### WORK REQUIRED
From the first line to the last, set down the material exactly, leaving out its pictures.

Start of INFORMATION SUPPLIED

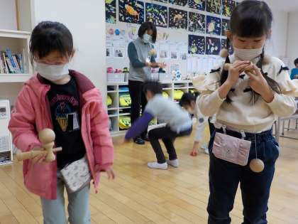1年生の生活科では、昔からの遊びに挑戦しています。こまやけん玉、お手玉等、友達と教え合いながら遊びました。こまを下敷きの上に乗せたり、お手玉を2つから3つに増やしたりするなど、いろいろな遊び方を試す姿が見られました。
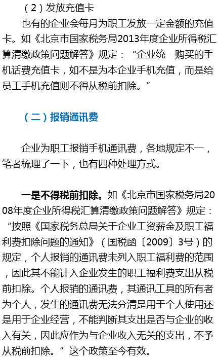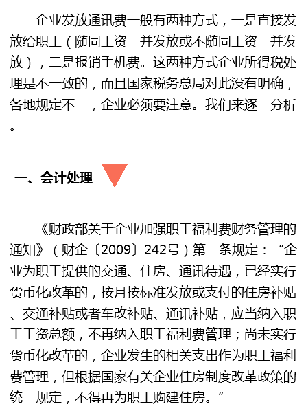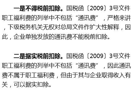 企业发放通讯费一般有两种方式,一是直接发放给职工(随同工资一并发放或不随同工资一并发放),二是报销手机费。这两种方式企业所得税处理是不一致的,而且国家税务总局对此没有明确,各地规定不一,企业必须要注意。我们来逐一分析。
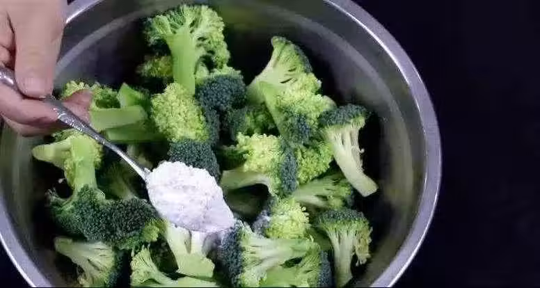 小蘇打、麵粉都充分的溶解在水中。攪拌溶解後,就讓西蘭花在這個水中浸泡上十分鐘。
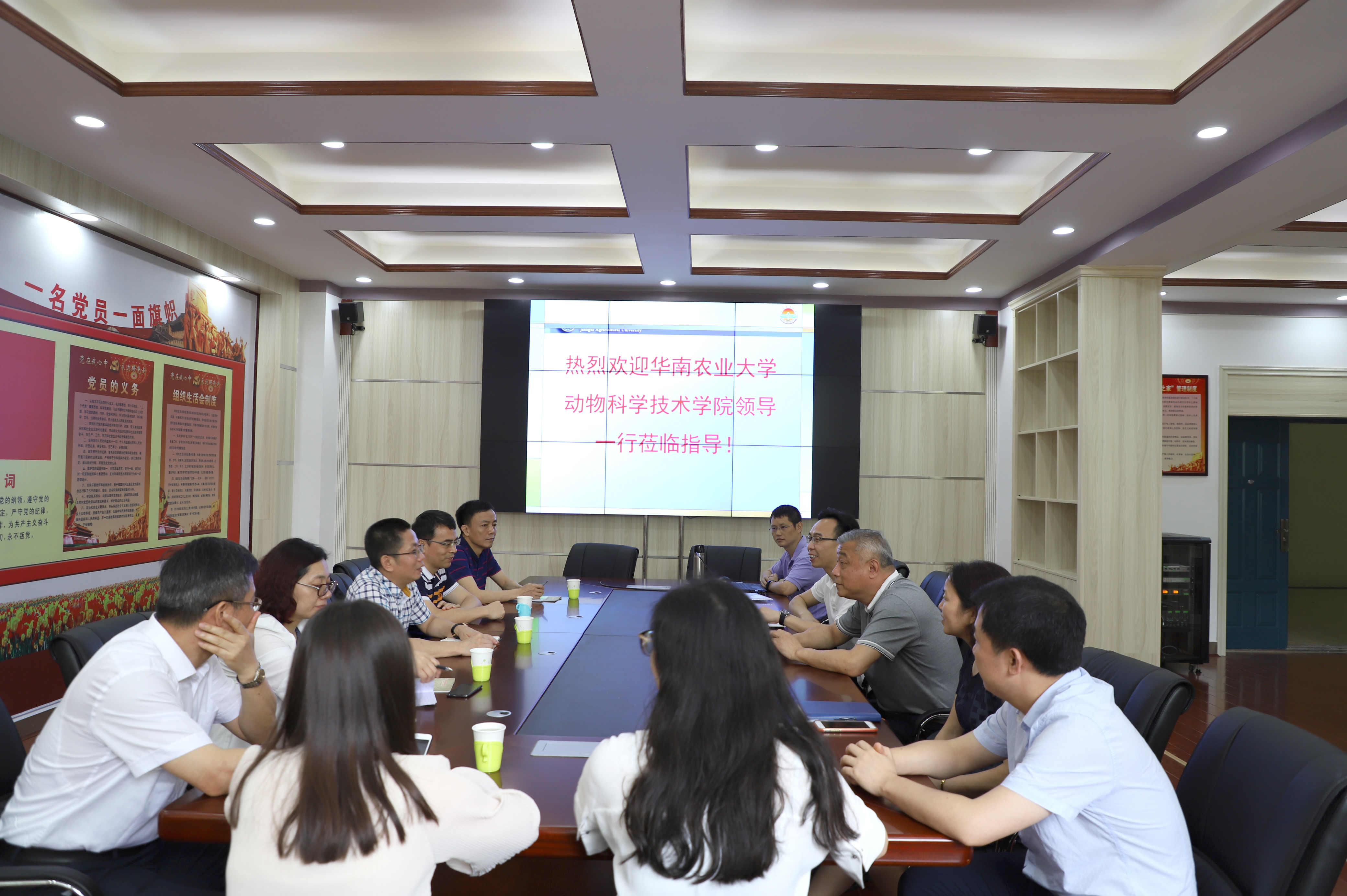 5月21日上午,华南农业大学动物科学公司党委书记伍亚泰、经理江青艳、党委副书记张海平、副经理谢青梅、动物营养与饲料研究所所长邓近平一行7人来公司动科院进行交流。动科公司党委书记陆伟、经理胡国良、党委副书记廖述香、副经理曹华斌及学工办相关人员参与会议。

End of INFORMATION SUPPLIED

### OUTPUT OF THE EXERCISE
1年生の生活科では、昔からの遊びに挑戦しています。こまやけん玉、お手玉等、友達と教え合いながら遊びました。こまを下敷きの上に乗せたり、お手玉を2つから3つに増やしたりするなど、いろいろな遊び方を試す姿が見られました。
 企业发放通讯费一般有两种方式,一是直接发放给职工(随同工资一并发放或不随同工资一并发放),二是报销手机费。这两种方式企业所得税处理是不一致的,而且国家税务总局对此没有明确,各地规定不一,企业必须要注意。我们来逐一分析。
 小蘇打、麵粉都充分的溶解在水中。攪拌溶解後,就讓西蘭花在這個水中浸泡上十分鐘。
 5月21日上午,华南农业大学动物科学公司党委书记伍亚泰、经理江青艳、党委副书记张海平、副经理谢青梅、动物营养与饲料研究所所长邓近平一行7人来公司动科院进行交流。动科公司党委书记陆伟、经理胡国良、党委副书记廖述香、副经理曹华斌及学工办相关人员参与会议。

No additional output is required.